>>>>>
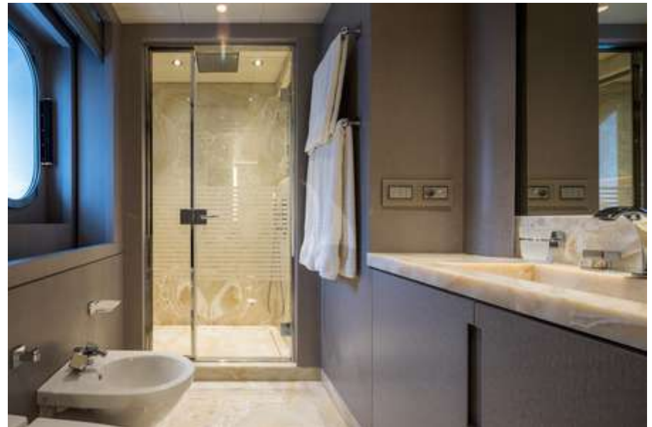
Staff Cabin En suite facilities
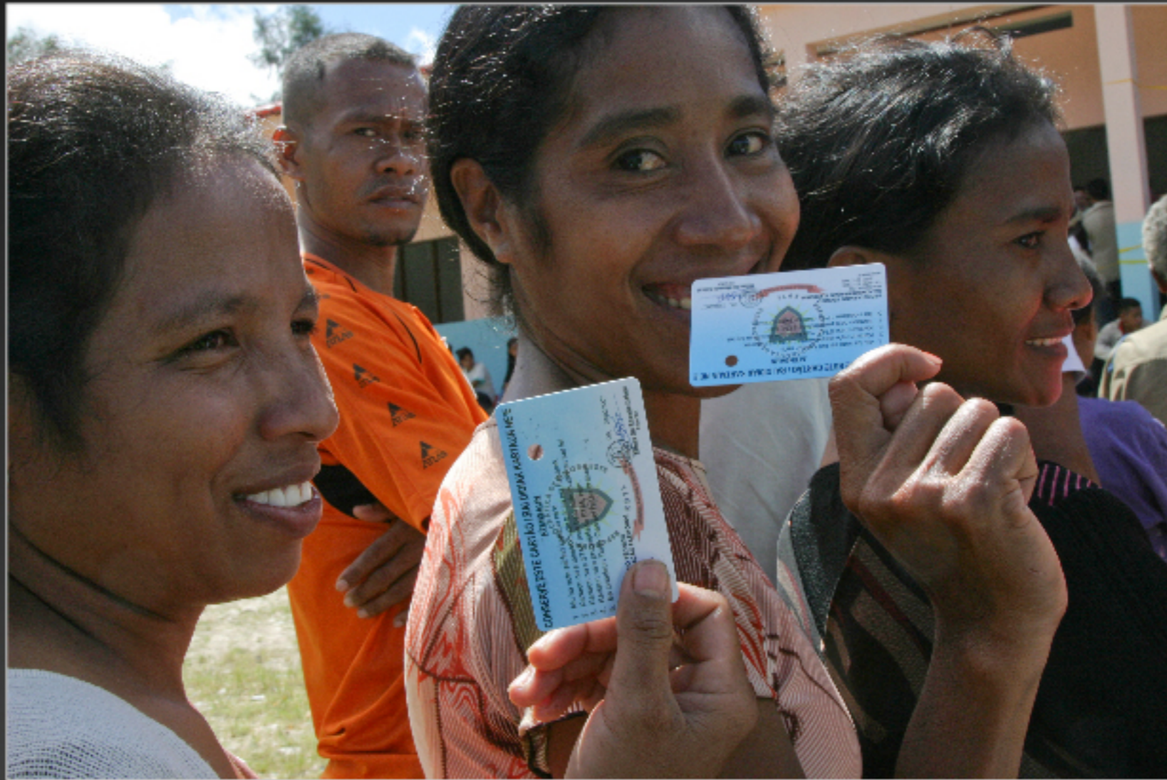
Women show their voter cards during run-off Presidential elections in Timor-Leste
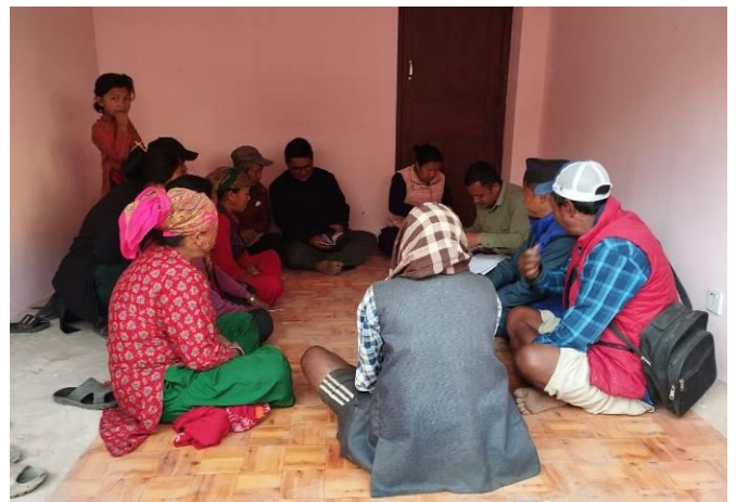
Above: Cooperative Meeting, Sangini
<<<<<
● **Directions**:
Leaving out the pictures, reproduce the whole listing above exactly.

● **Result for this exercise**:
Staff Cabin En suite facilities
Women show their voter cards during run-off Presidential elections in Timor-Leste
Above: Cooperative Meeting, Sangini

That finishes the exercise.